◆ What is required ◆
The whole listing below should be retyped exactly, without any images.

◆ Collected data ◆
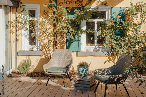 Fototapeta premium Garden Furniture For Leisure Time In Nature. Empty Chairs And Table Table In...
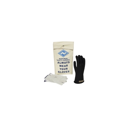 National Safety Apparel Class 00 Black Rubber Voltage Insulating Glove Kit with Leather Protectors, Max. Use Voltage 500V AC/ 750V DC (KITGC0011)
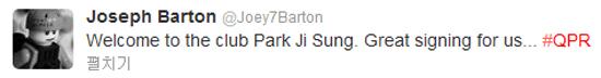 퀸스파크 레인저스(QPR)의 '악동' 조이 바튼(30)이 박지성의 입단에 대해 환영하는 메시지를 남겼다.

◆ Problem solution ◆
 Fototapeta premium Garden Furniture For Leisure Time In Nature. Empty Chairs And Table Table In...
 National Safety Apparel Class 00 Black Rubber Voltage Insulating Glove Kit with Leather Protectors, Max. Use Voltage 500V AC/ 750V DC (KITGC0011)
 퀸스파크 레인저스(QPR)의 '악동' 조이 바튼(30)이 박지성의 입단에 대해 환영하는 메시지를 남겼다.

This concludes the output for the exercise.